**Work item**.
Pictures aside, every line of the listing should be given again exactly.

**Material provided**.

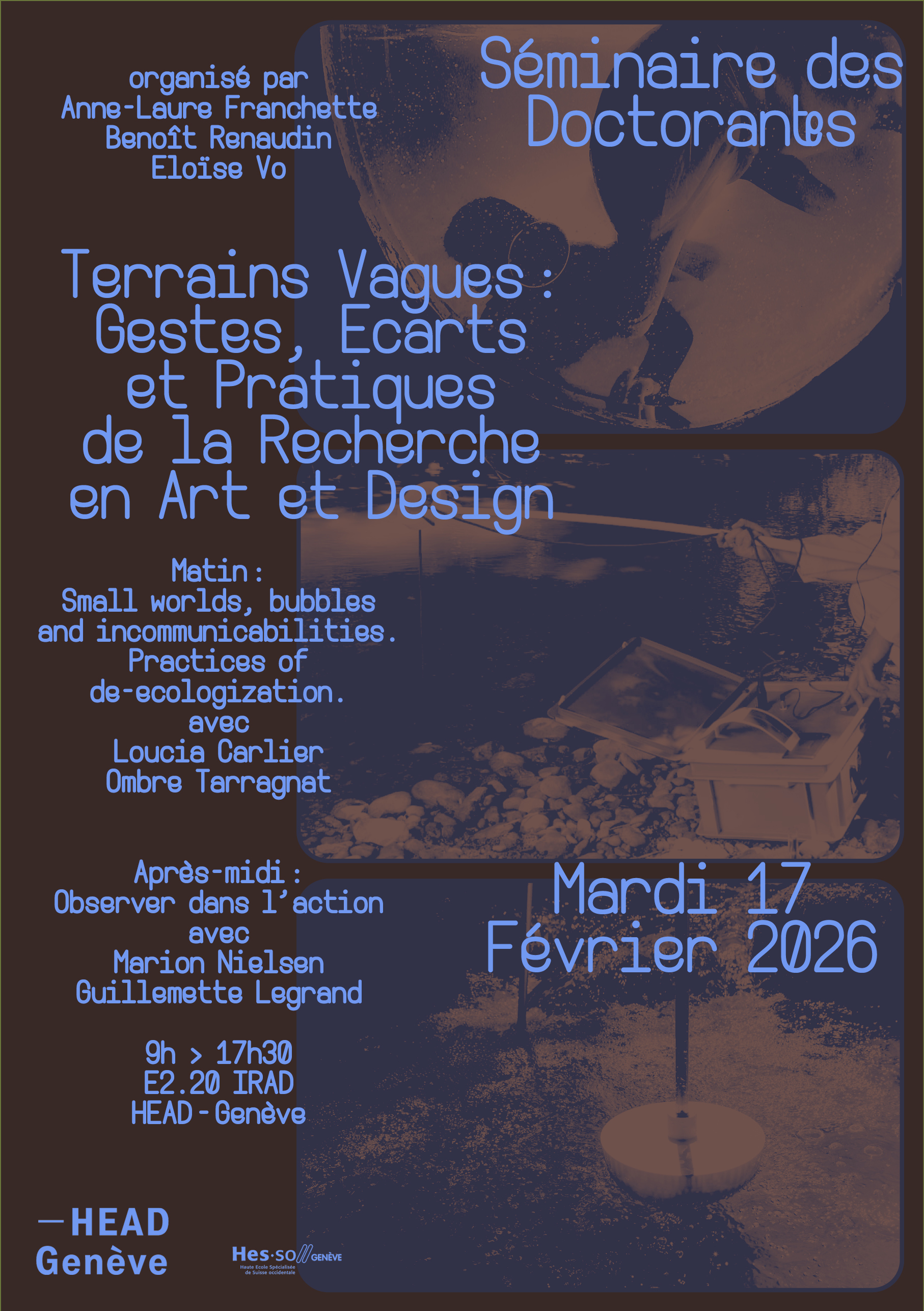 Organized by doctoral students at HEAD – Geneva, this doctoral seminar offers a space for discussion and exchange around experimental methods in art and design research. Conceived as an open laboratory, it encourages transdisciplinary, critical and speculative approaches, exploring forms and practices that shift traditional academic frameworks.
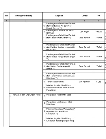 13 atan Sanitasi Permukiman **) Desa Bancak I Paket Lancarnya aliran air di V V V V V V V 50,000,000 /th APBDesa Swakelola
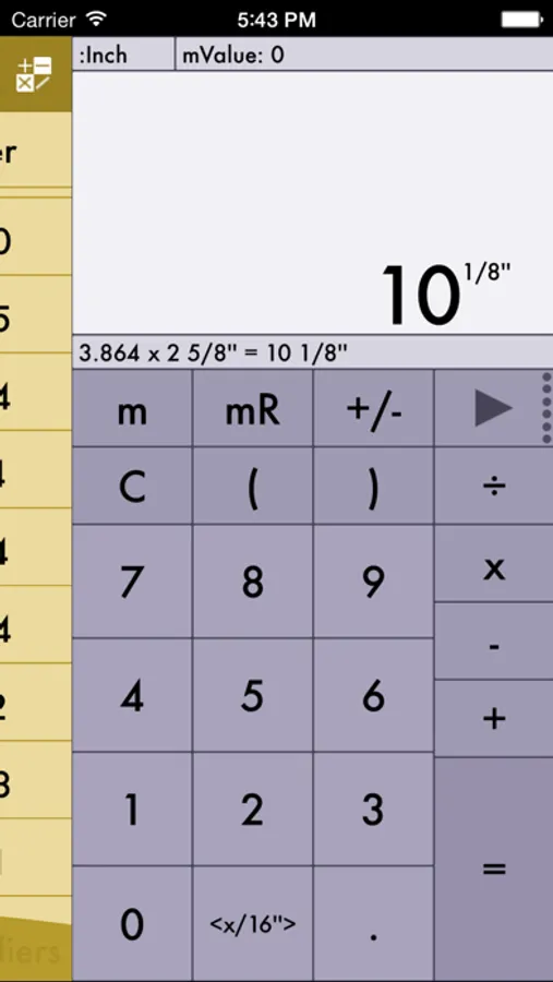 Calculator: Simple, yet sophisticated. It contains functions such as addition, subtraction, multiplication, and division. Also includes the ability to store and recall memory, squaring, and calculating the square root. The calculator gives you the ability to quickly transpose from Fraction:Decimal and Decimal:Fraction. Easily mixing formulas such as 2.61 x 3 ¼”.
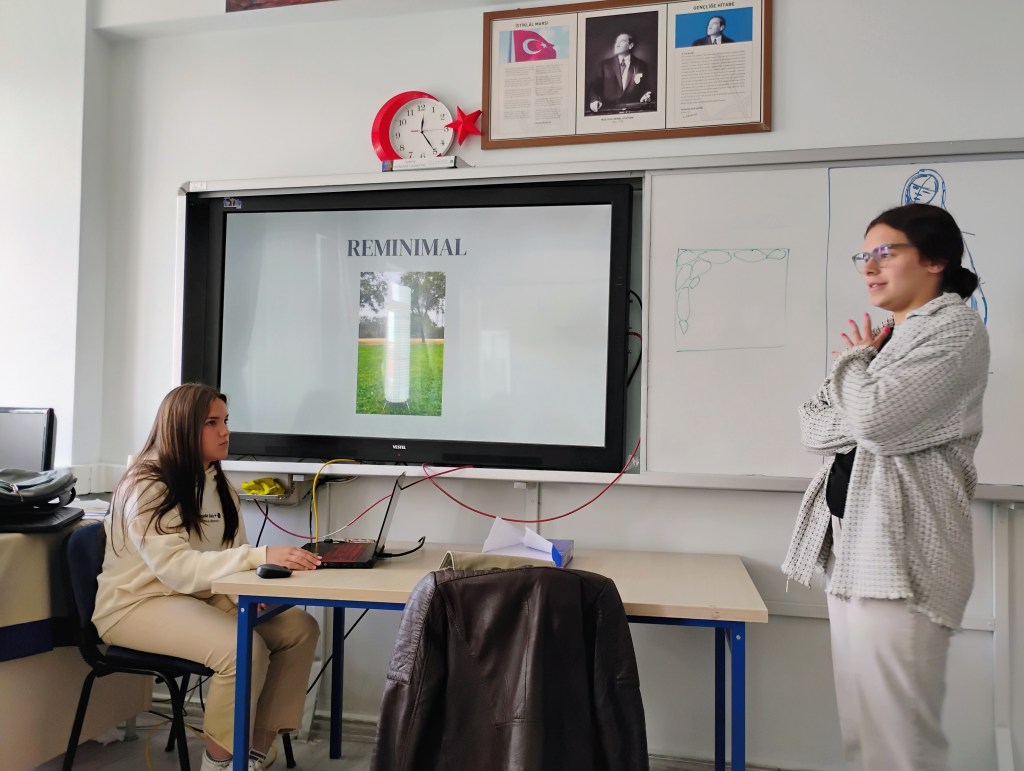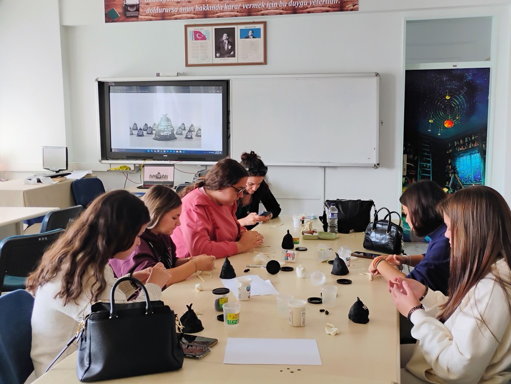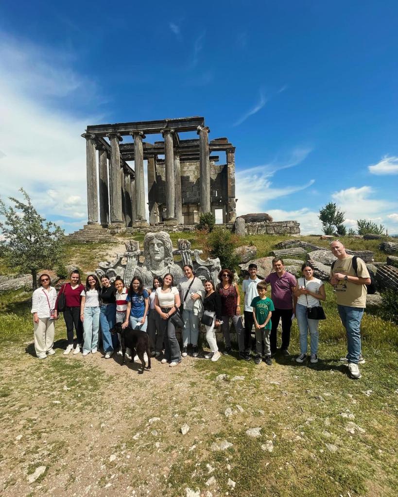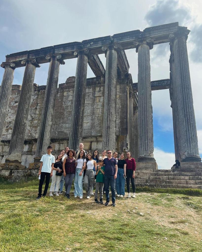 La recepción en el instituto fue muy grata. El profesorado y la dirección nos recibieron con los brazos abiertos y nos mostraron las aulas, proyectos que llevan a cabo, realizamos juegos para romper el hielo, etc. Las mañanas las pasamos en el centro realizando actividades y talleres medioambientes y artísticos. Al mismo tiempo, pudimos asistir a algunas clases de inglés y otras asignaturas y ver el funcionamiento de las lecciones y del centro en general. Por las tardes, además de estar con las familias, hemos visitado otras ciudades cercanas donde hemos aprendido más sobre otros lugares artísticos, como el museo de arte moderno en Eskişehir y sus antiguas calles o la ciudad antigua donde pudimos conocer el Templo de Zeus.

**Result of the task**.
 Organized by doctoral students at HEAD – Geneva, this doctoral seminar offers a space for discussion and exchange around experimental methods in art and design research. Conceived as an open laboratory, it encourages transdisciplinary, critical and speculative approaches, exploring forms and practices that shift traditional academic frameworks.
 13 atan Sanitasi Permukiman **) Desa Bancak I Paket Lancarnya aliran air di V V V V V V V 50,000,000 /th APBDesa Swakelola
 Calculator: Simple, yet sophisticated. It contains functions such as addition, subtraction, multiplication, and division. Also includes the ability to store and recall memory, squaring, and calculating the square root. The calculator gives you the ability to quickly transpose from Fraction:Decimal and Decimal:Fraction. Easily mixing formulas such as 2.61 x 3 ¼”.
 La recepción en el instituto fue muy grata. El profesorado y la dirección nos recibieron con los brazos abiertos y nos mostraron las aulas, proyectos que llevan a cabo, realizamos juegos para romper el hielo, etc. Las mañanas las pasamos en el centro realizando actividades y talleres medioambientes y artísticos. Al mismo tiempo, pudimos asistir a algunas clases de inglés y otras asignaturas y ver el funcionamiento de las lecciones y del centro en general. Por las tardes, además de estar con las familias, hemos visitado otras ciudades cercanas donde hemos aprendido más sobre otros lugares artísticos, como el museo de arte moderno en Eskişehir y sus antiguas calles o la ciudad antigua donde pudimos conocer el Templo de Zeus.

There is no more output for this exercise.